Let’s start with the Google hosted results. You can see on line 4 of the waterfall graph – where the 2nd of the two fonts used in the demo page loads – that the completion time for the font load is at the very end of the graph – around 0.52 seconds. Also notice how on line 2 that the CSS call required to load the font creates a render block. Anyone who’s spent any time looking at un-optimized Google Page Speed Insights results will have come across that term before.

Google Hosted Fonts - Waterfall Graph
Google Hosted Fonts – Waterfall Graph

Let’s compare that now with the self hosted version of the same page. First, notice that the lack of the extra CSS call to Google’s servers means we have one less item to load and that there’s zero render blocking. The 2nd of the two fonts completes loading right at the 0.34 second mark – a 0.18 second improvement vs the Google hosted version.

Self Hosted Fonts - Waterfall Graph
Self Hosted Fonts – Waterfall Graph

You can visit these pages and test them for yourself if you’d like – Google Hosted Version / Self Hosted Version – while there will be run-to-run test variance, you’ll find overall that the self hosted version is regularly faster.

Putting It All Together

I started this post with some general advice to not rely on third party servers wherever you can. Consider that every third party domain will require a DNS lookup and SSL handshake in order for the page to load. The more domains required for your site to load, the more latency your visitors will experience. Anything you can do to reduce the number of domains and servers that need to be contacted when your site loads – such as self hosting your web fonts – will improve your website’s performance.

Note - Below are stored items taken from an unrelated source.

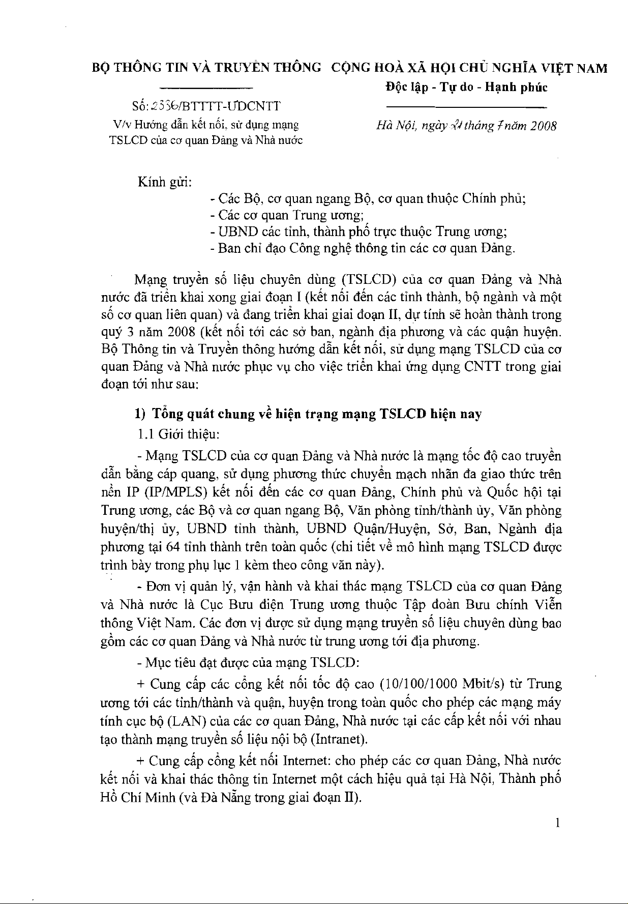 Công văn 2336/BTTTT-ƯDCNTT của Bộ Thông tin và Truyền thông về việc hướng dẫn kết nối, sử dụng mạng truyền số liệu chuyên dùng của cơ quan Đảng và Nhà nước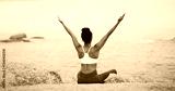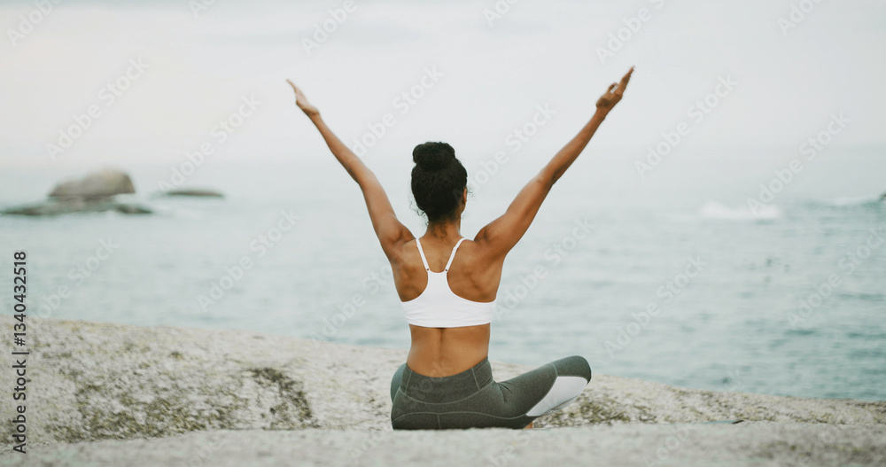 Ocean, freedom and meditation for woman, outdoor and spiritual practice for wellness, peace and relax. Sea, chakra and self awareness for person, back and yoga with mindfulness benefits or zen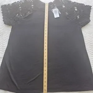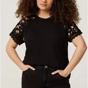 Elegant black blouse with intricate lace sleeves. Perfect for any occasion.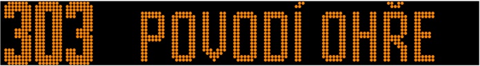 - Přední část vozidla – zobrazuje číslo linky (např. 303) a cílovou stanici (např. POVODÍ OHŘE).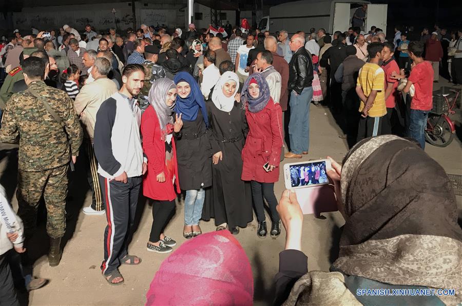 HOMS, mayo 21, 2017 (Xinhua) -- Residentes sirios posan en el barrio de al-Waer en la ciudad de Homs, Siria, el 21 de mayo de 2017. El último lote de rebeldes evacuaron el último cuartel en el barrio al-Waer, dejando toda la ciudad bajo el control del gobierno. Los últimos autobuses transportando a rebeldes y sus familiares, evacuaron el barrio de al-Waer, su último cuartel en la ciudad de Homs. (Xinhua/Hummam Sheikh Ali)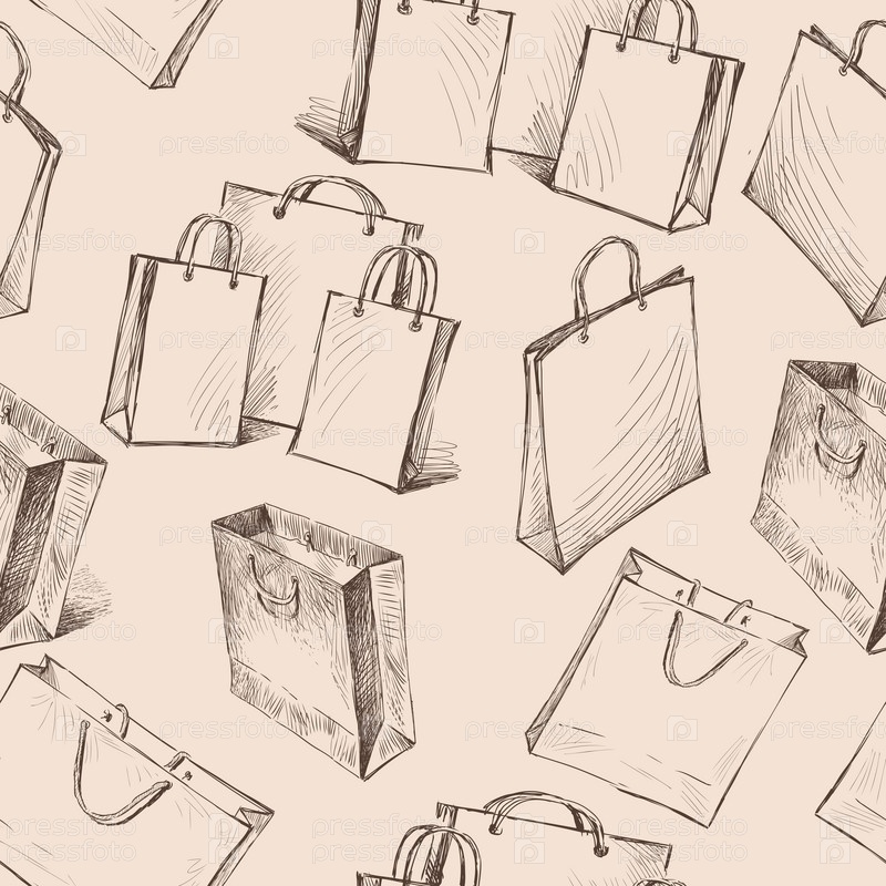 Бесшовный рисунок эскизов сумок для покупок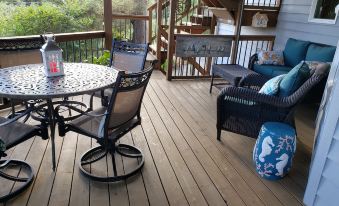 This recently remodeled 3 bedroom, 3 bath vacation refuge is the private main level of a home with spectacular views of Ecola Creek and the ocean! Two beautifully furnished king suites, one with Jacuzzi tub, the other with direct ocean view. Additional room with queen sleeping. Complete kitchen with bar and table seating, open to living area with fireplace. Enjoy nature from the large private deck with comfy seating and additional outdoor dining, and again, that stunning ocean view! Private entrance, and parking for 2 cars on site. Additional niceties include beach wagon, chairs and umbrella. Free cruiser bikes available by arrangement. Contact the owner for any special requests.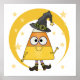 Candy Corn never but sweeter! Candy Corn Witch T-shirts, hoodies, trick or treat tote bags, mugs, cards, stickers, magnets, buttons, and other Halloween apparel and gifts with a cute candy corn with eyes, arms, legs, and a witch hat on a stars and harvest moon background.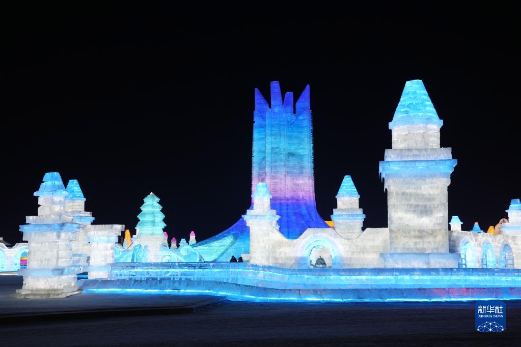 2月25日,游客在哈爾濱冰雪大世界園區游玩。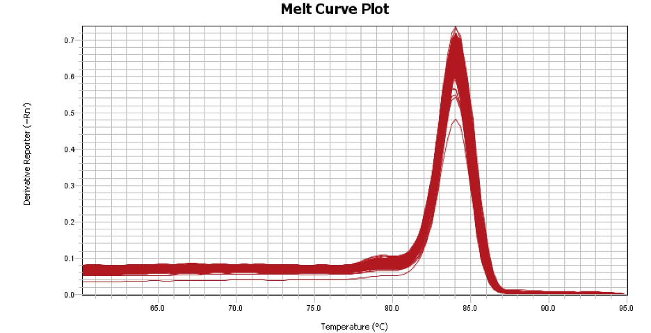 熔解曲线横坐标取温度,而纵坐标则取荧光信号变化的负一次导数(dR/dT)。这样,在熔解曲线上会出现一个熔解温度(Tm)的特征峰,也就是DNA双链解链50%时所需的温度。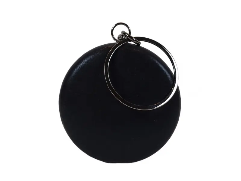 Модерна дамска чанта в кръгла форма - Официална дамска чанта с едно отделение. - Отваряне и затваряне с механизъм. - Метален кант. - Дръжка за носене в ръка. - Дълга дръжка тип верижка.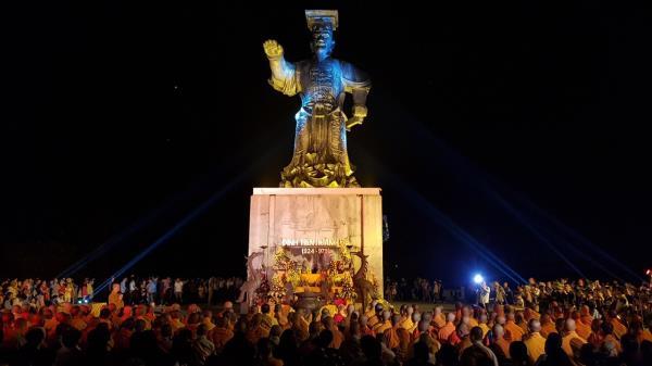 Toàn bộ sân khấu, sân lễ hội và đường đi được lát bằng đá tự nhiên màu trắng xám. Nằm xen lẫn giữa các lối đi lại là các thảm cỏ xanh và cây xanh được bố trí hài hòa, thẩm mỹ, tạo khuôn viên tươi mát độc đáo cho khuôn viên quảng trường. Điểm nhấn chính của công trình là pho tượng Đinh Tiên Hoàng Đế có khối lượng 100 tấn, phần thân cao 9,9 m, phần bệ cao 10 m do một số tổ chức và cá nhân cung tiến. Ngoài phần tượng Đinh Tiên Hoàng Đế, bốn góc xung quanh tượng đài còn có tượng 4 vị quan đại thần là bạn của ĐInh Bộ Lĩnh gồm Đinh Điền, Nguyễn Bặc, Lưu Cơ, Trịnh Tú cao 5m; ngoài ra có các tượng quan văn, võ, lính canh và ngựa bằng đá. Phía trước có rất nhiều tượng đá, rồng đá, cột lan can bằng đá…. được điêu khắc rất công phu, thể hiện tài năng và sự khéo léo của các nghệ nhân làng đá mỹ nghệ Ninh Vân nổi tiếng của vùng đất Au8807.com Đăng ký tài khoản.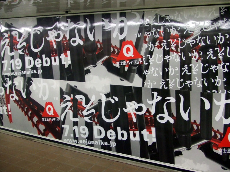 先日、東京に出た際に、新宿駅地下通路で見かけた広告。「ええじゃないか(2番目の“え”は上下逆さまです)」と書かれたその広告、絶叫マシンと独特なCMで有名な富士急ハイランドの新絶叫マシンのPRであった。すでにこの絶叫マシン「ええじゃないか」の公式サイトもできているが、7月19日にオープンするギネス認定の総回転数世界一のローラーコースターだそうだ。ホームページではテレビCMや乗車動画を見ることもできるが、あいかわらずはじけていて素晴らしい!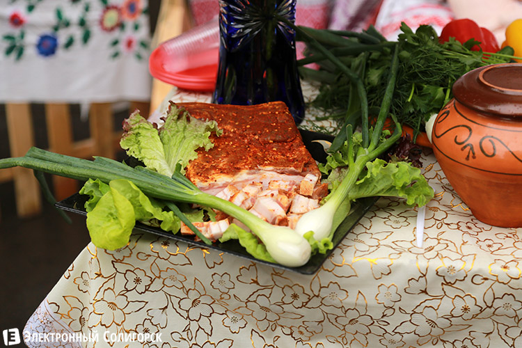 Затем внимание официальных гостей надолго было приковано к стендам выставки-презентации подворий сельскохозяйственных организаций и сельсоветов Солигорского района "Подворье-2014". Каждое из представленных подворий представило на суд первых лиц района свои достижения в области приготовления шедевров национальной кухни из сырья собственного производства.

If you’ve setup sensible caching, your returning visitors will experience even better loading times thanks to the fonts already being in their browser cache instead of Google’s less than optimal caching situation.

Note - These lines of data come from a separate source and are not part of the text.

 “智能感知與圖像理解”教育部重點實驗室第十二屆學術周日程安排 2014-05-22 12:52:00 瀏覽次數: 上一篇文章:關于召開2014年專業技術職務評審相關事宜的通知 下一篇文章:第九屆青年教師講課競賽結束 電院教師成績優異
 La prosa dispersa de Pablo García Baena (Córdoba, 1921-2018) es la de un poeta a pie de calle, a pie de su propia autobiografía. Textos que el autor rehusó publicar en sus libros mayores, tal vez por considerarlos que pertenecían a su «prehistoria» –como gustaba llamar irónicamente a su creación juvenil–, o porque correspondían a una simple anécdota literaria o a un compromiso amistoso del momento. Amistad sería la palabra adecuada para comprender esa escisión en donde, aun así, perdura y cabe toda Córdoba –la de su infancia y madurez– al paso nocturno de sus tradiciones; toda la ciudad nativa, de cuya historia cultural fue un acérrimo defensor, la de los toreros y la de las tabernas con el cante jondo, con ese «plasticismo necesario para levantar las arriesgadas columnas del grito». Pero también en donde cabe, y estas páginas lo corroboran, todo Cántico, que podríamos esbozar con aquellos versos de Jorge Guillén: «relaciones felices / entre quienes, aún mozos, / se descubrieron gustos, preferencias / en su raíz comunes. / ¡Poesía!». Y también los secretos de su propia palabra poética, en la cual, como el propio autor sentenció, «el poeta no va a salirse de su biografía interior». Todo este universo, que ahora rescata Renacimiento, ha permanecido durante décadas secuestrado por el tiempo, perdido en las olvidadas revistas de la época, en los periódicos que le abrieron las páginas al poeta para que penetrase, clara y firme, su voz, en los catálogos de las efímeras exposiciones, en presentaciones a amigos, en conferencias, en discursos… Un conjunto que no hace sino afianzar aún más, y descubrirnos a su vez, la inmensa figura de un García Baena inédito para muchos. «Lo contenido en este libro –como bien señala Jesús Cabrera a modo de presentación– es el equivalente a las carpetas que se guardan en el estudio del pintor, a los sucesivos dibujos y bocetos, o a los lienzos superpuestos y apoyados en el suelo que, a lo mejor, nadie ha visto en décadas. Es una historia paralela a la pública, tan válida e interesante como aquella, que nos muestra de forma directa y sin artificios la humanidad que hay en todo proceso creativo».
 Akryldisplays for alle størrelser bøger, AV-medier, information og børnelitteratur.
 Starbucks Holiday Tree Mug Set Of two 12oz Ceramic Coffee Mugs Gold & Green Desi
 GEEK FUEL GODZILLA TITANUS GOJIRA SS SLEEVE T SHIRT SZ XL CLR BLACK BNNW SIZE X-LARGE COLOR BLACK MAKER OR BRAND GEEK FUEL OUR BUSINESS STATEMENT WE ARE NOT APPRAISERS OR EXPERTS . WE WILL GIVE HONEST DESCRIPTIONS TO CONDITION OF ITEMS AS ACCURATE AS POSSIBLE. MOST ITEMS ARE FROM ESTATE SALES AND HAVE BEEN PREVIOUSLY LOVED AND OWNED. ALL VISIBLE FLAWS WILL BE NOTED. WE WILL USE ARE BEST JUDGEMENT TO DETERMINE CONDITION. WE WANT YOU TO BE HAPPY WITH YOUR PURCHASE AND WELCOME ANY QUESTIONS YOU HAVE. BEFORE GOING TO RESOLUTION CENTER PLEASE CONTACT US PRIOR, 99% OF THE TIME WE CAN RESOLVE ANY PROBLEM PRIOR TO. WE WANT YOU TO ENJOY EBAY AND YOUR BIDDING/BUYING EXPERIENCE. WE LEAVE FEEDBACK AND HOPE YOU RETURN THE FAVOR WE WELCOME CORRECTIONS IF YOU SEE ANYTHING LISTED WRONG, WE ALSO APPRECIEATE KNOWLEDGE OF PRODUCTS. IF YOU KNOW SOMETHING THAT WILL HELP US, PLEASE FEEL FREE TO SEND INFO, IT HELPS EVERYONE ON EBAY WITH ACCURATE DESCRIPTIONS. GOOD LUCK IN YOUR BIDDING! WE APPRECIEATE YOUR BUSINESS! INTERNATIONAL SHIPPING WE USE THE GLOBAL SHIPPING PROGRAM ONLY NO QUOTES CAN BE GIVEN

Lastly, if you self host your fonts you’ll never be worried about your site looking odd in the event that Google experiences some kind of server outage.

If you’d like to know HOW exactly you can self host your fonts, check out my article on How To Optimize Your Website With Self Hosted Fonts.

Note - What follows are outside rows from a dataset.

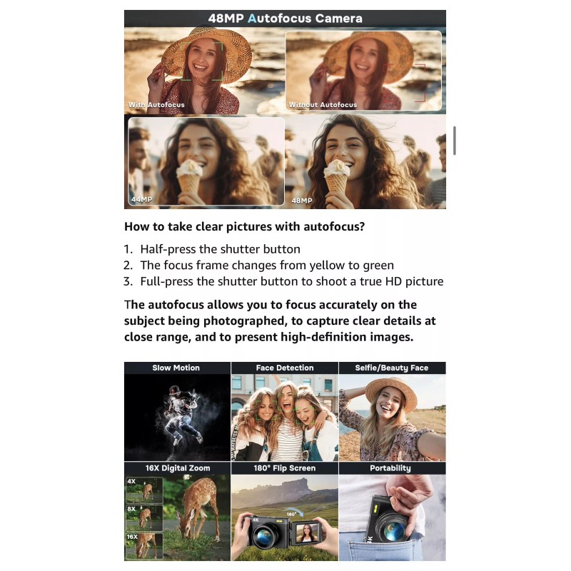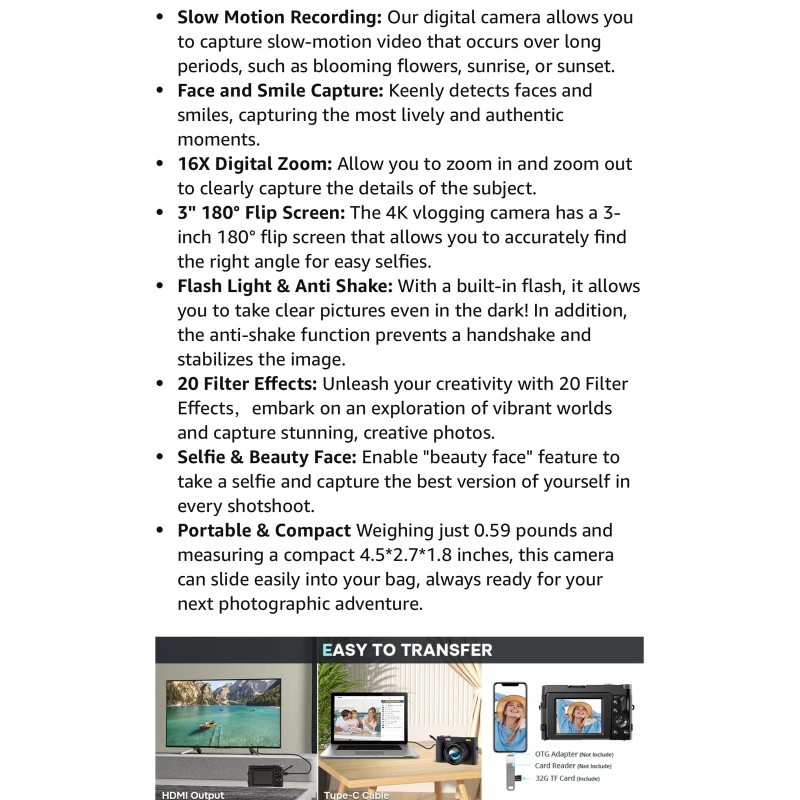 4K Digital Camera for Photography Autofocus, Upgraded 48MP Vlogging Camera for YouTube with SD Card, 3" 180 Flip Screen Compact Travel Camera with 16X Digital Zoom, Flash, Anti-Shake, 2 Batteries ❤️Great quality~ Please see pictures for more details. 🌟You get what you see~~ will ship out within 24 hours, 🚀Via USPS Priority Shipping~. Please check out my listing for more amazing items. happy shopping 🥳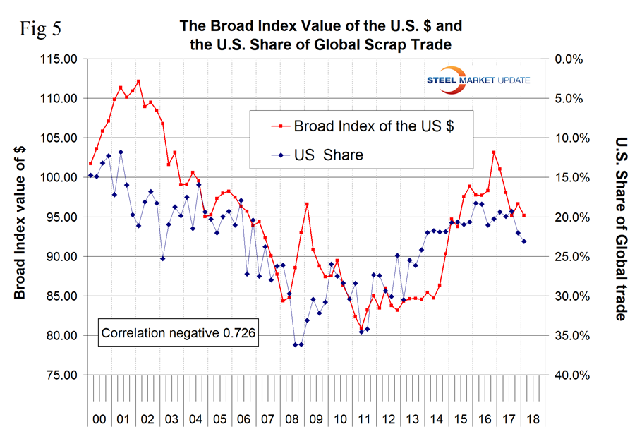 Second, in the past, a strong U.S. dollar attracted steel imports from the scrap-to-steel converters in many countries like Turkey. Subsequently, their utilization rates increased dramatically, and more imported scrap was required, as you reported. Further, they had no problem buying U.S. scrap as their conversion costs were in their country’s weaker currency. This resulted in a decrease in U.S. steel prices and steel utilization rates, which subsequently reduced U.S. scrap demand. This also redirected scrap flows to East Coast ports from normal steel plant supply lines because scrappies could get a better price on the docks.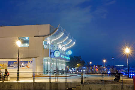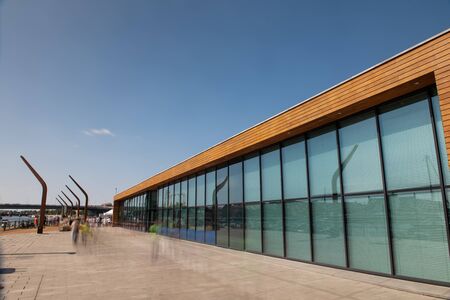 A building with windowed walls and a white roof on the harbor with the Mediterranean sea view (Pesaro, Italy, Europe)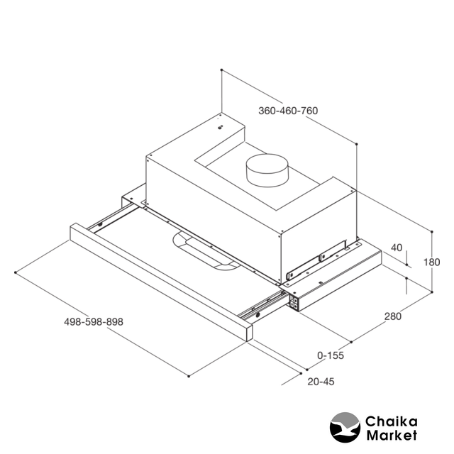 монтаж для встраивания, управление кнопочное, производительность мотора 367 м³/ч, ширина 55 см

If you found this article helpful or have any questions, I encourage you to please share this article with others and/or leave a comment below. If you would like to support our efforts to create additional resources like this, please consider making a donation. Your support is greatly appreciated! Thanks for reading and I hope you visit again soon!

4 thoughts on “4 Reasons Why You Should Self Host Google Fonts”

  1. Very nice, well-informed, up-to-date and informative article. Thank you for that.

    Only comment is about “Faster than Google”. Ok, if you have a CDN, those fonts will deliver faster than Google, but if you DO NOT have a CDN, then hosting your fonts on the Google CDN is a better choice. Fight me 😉

    1. I won’t fight you that Google could be faster if your site doesn’t use a CDN. Instead I’ll ask you, why doesn’t your site use a CDN? It’s intentionally handicapping your website’s performance to knowingly not use one.